** Opening Given information block **
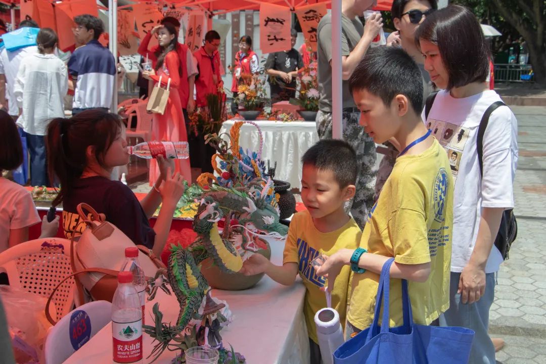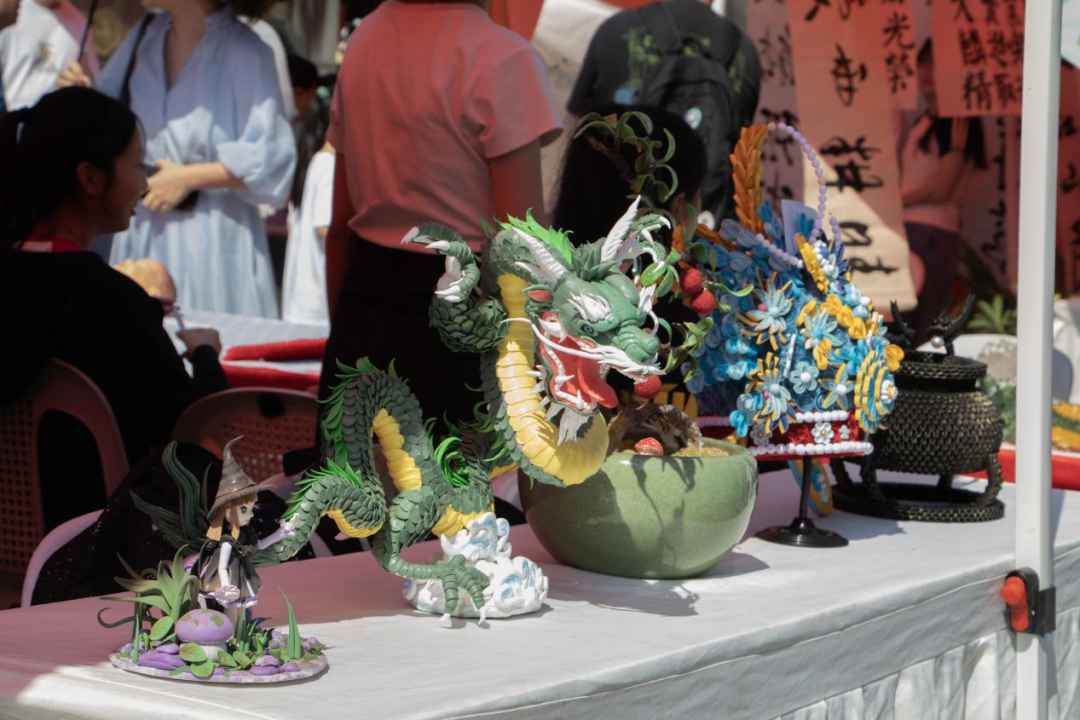 手工作品及婴幼儿照护展示区,教育系展出精美绝伦、赏心悦目的衍纸、超轻黏土、纸插接等手工作品,以及婴幼儿托育服务与管理专业学生表演用心细致的婴幼儿抚触等职业技能。
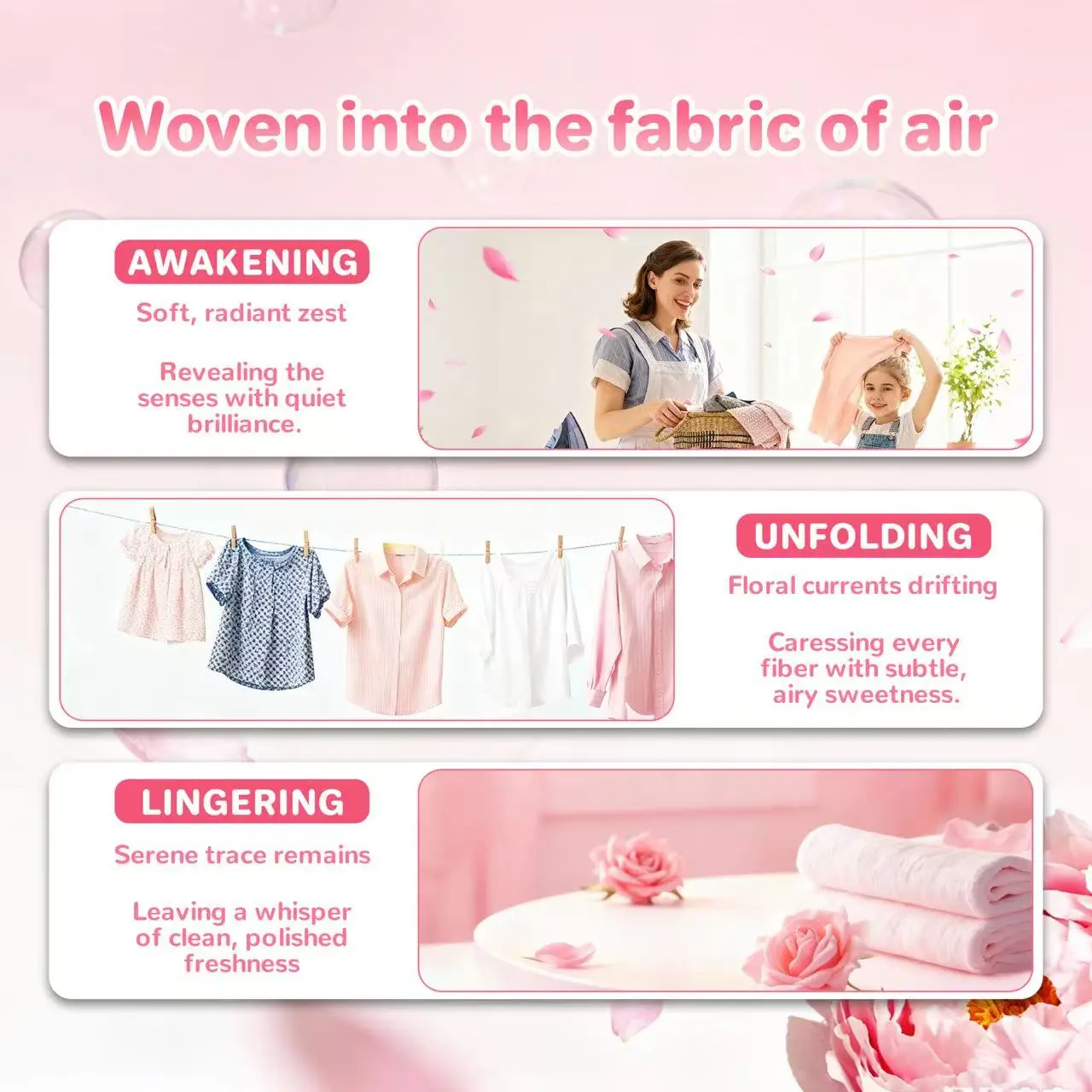 ·All-in-one care: deep cleaning + color protection + anti-wrinkle + fabric softening + fast dissolve + long-lasting freshness + anti-graying.
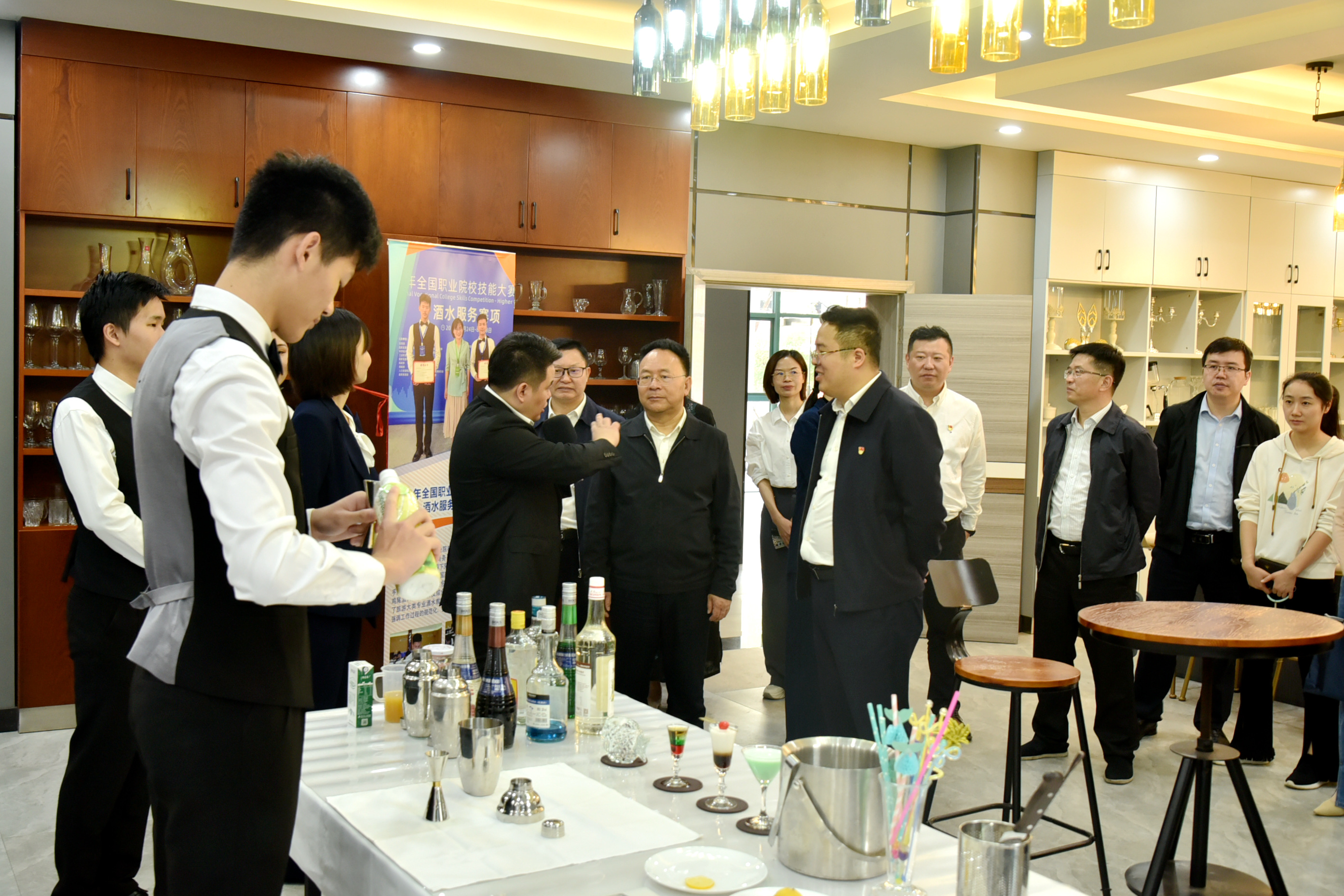 吴军组长一行先后实地调研了学院综合实训大楼康养中心、智慧酒店、学生就业创业展厅、纪委谈话室和智慧纪检系统建设及学生食堂,详细了解学院近年来推动高质量发展和全面从严治党情况。实地调研结束后,在学院求是楼第二会议室召开了专题座谈会,座谈会由学院党委副书记彭锐主持。
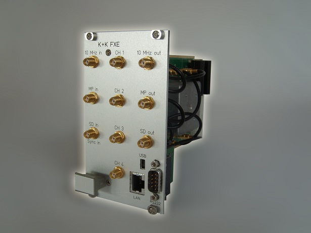 K+K FXE是一種多通道高分辨率相位和頻率計(jì)數(shù)器,它測(cè)量最多24個(gè)通道相對(duì)于公共參考信號(hào)(10MHz)的相位,同步且無停滯時(shí)間。單次測(cè)量的分辨率為12.2ps,輸入頻率范圍為4kHz至130MHz,測(cè)量速率為1k sample/s。
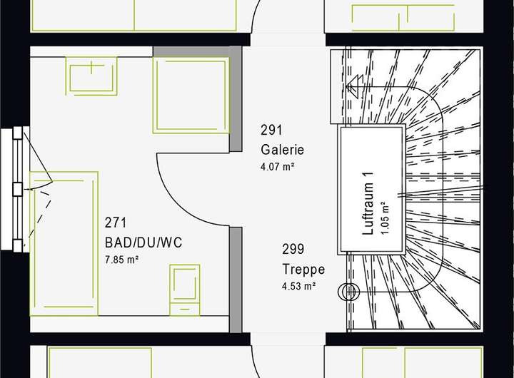 - massa Freiraum = Wohnraumhöhe 2,75 m im EG und DG serienmäßig
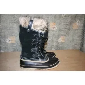 Sorel Joan of Arctic Black Leather Winter Boots 9 / 41 1/3
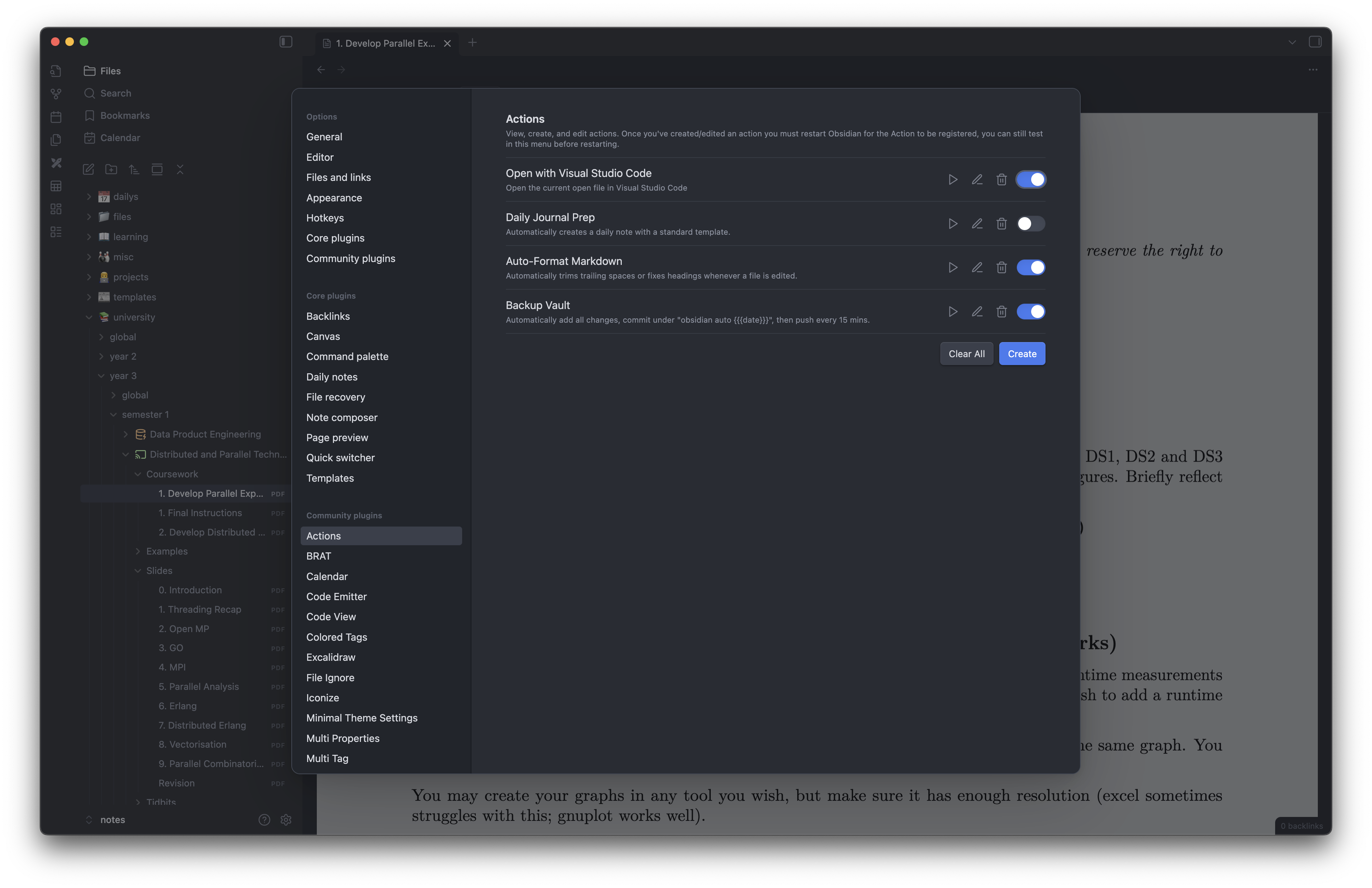 Create and manage custom `shell` or `js` actions that can run on either a schedule, via command palette, or in response to file events.
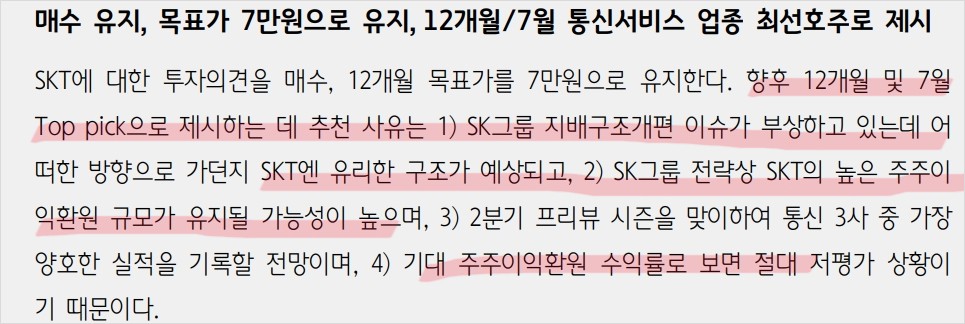 SK텔레콤은 최근 지배구조 개편 이슈로 투자자들의 관심을 받고 있습니다. SK그룹의 지배구조 개편은 SK텔레콤에 유리한 방향으로 진행될 가능성이 높으며, 이는 주가 상승의 호재로 작용할 수 있습니다. 또한 SK텔레콤은 높은 배당금 지급을 유지할 가능성이 높아 투자 매력도가 큽니다.
** Closing Given information block **
> Task: Starting at the line that contains "- massa Freiraum", restate every line through the end of the records exactly as written, but leave the pictures out.

> Finished task:
 - massa Freiraum = Wohnraumhöhe 2,75 m im EG und DG serienmäßig
 Sorel Joan of Arctic Black Leather Winter Boots 9 / 41 1/3
 Create and manage custom `shell` or `js` actions that can run on either a schedule, via command palette, or in response to file events.
 SK텔레콤은 최근 지배구조 개편 이슈로 투자자들의 관심을 받고 있습니다. SK그룹의 지배구조 개편은 SK텔레콤에 유리한 방향으로 진행될 가능성이 높으며, 이는 주가 상승의 호재로 작용할 수 있습니다. 또한 SK텔레콤은 높은 배당금 지급을 유지할 가능성이 높아 투자 매력도가 큽니다.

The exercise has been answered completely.